Pedro Sánchez, redivivo defensor de la coherencia internacional, ha encontrado una causa con la que abrochar su chaqueta presidencial y obtener réditos para enervar su alicaída imagen interna: expulsar a Israel de los certámenes musicales y competiciones deportivas hasta que cese la barbarie en Gaza. El presidente, siempre dispuesto a salvar al mundo mientras se le incendia la moqueta de Moncloa, ha encontrado un clavo ardiendo al que asirse: Eurovisión, ese festival de bichos raros y performances de saldo y lentejuela que muchos españoles solo miramos de reojo para confirmar que la vergüenza ajena desborda los pentagramas. Ahora amenaza con que España no participará si lo hace Israel, convencido de que la UER caerá de rodillas solo porque RTVE retire su cuota de flamencas descalzas y chiquilicuatres. Ojalá nos libre de semejante tostón.
A lo peor, el líder plenipotenciario pretende recuperar, en arrebato ético, el festival de la OTI como alternativa hispanoparlante, para deleite de uno y otro lado del charco. Convocar en aquelarre musical a la Venezuela de Maduro, la Nicaragua de Ortega o la Bolivia de turno, agitando las castañuelas de la diplomacia de pacotilla.

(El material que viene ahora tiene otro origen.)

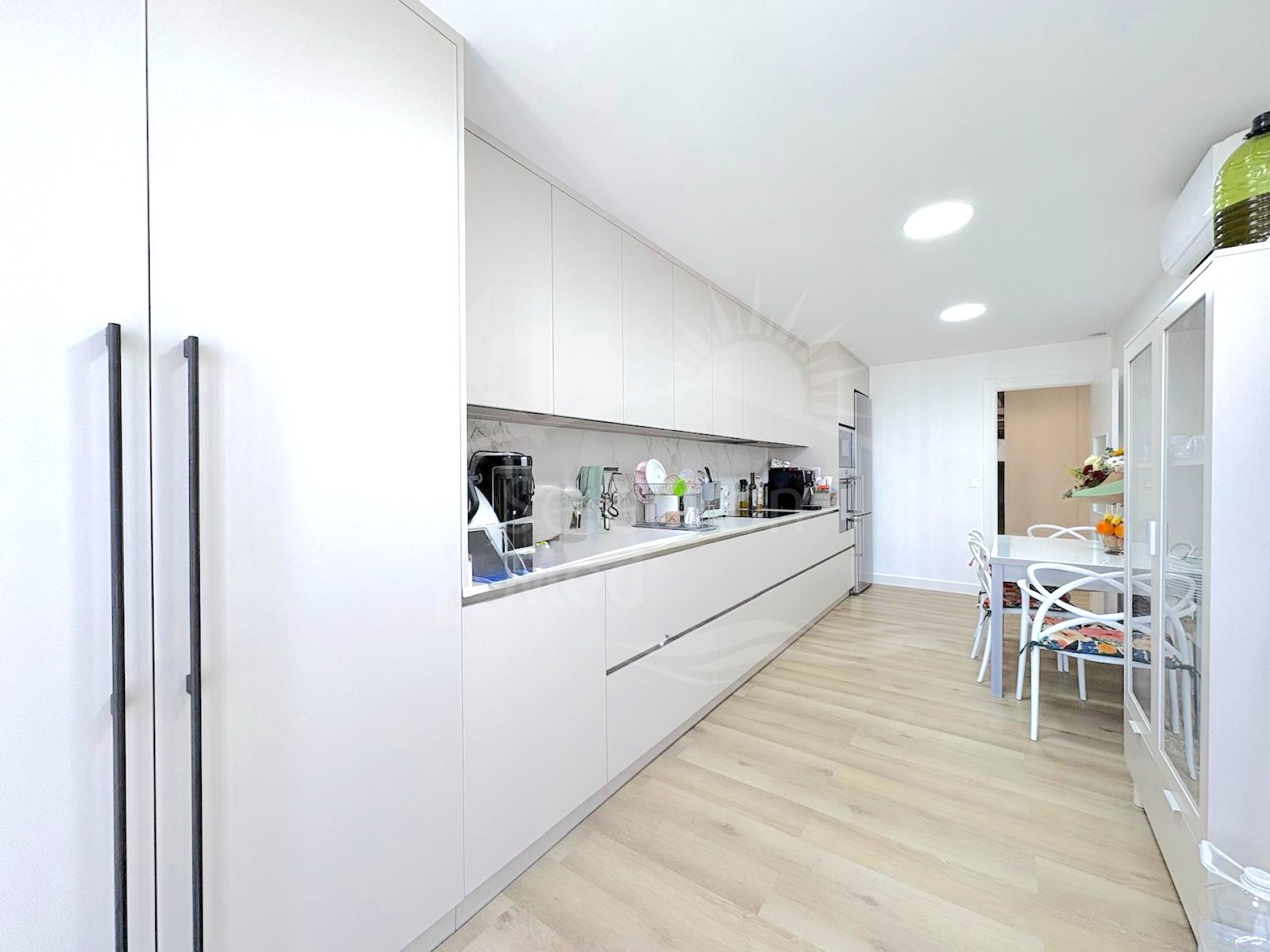 The home boasts a well-thought-out and practical layout. Upon entering, you are welcomed by a spacious entrance hall with a built-in wardrobe. From here, you access the kitchen, which is bright, modern, and generously proportioned, fitted with bespoke, high-quality cabinetry. Just before the kitchen, a convenient guest toilet serves the day area.

El resultado sería glorioso: un sarao indígena de zambomba revolucionaria patrocinado por regímenes que censuran hasta el karaoke.
Sánchez ha decidido ser el primero en dar el cante a gritos sobre un escenario en el que otros prefieren guardar silencio. Europa ya piensa en nombrarle delegado en la ONU de «Eurorrisión».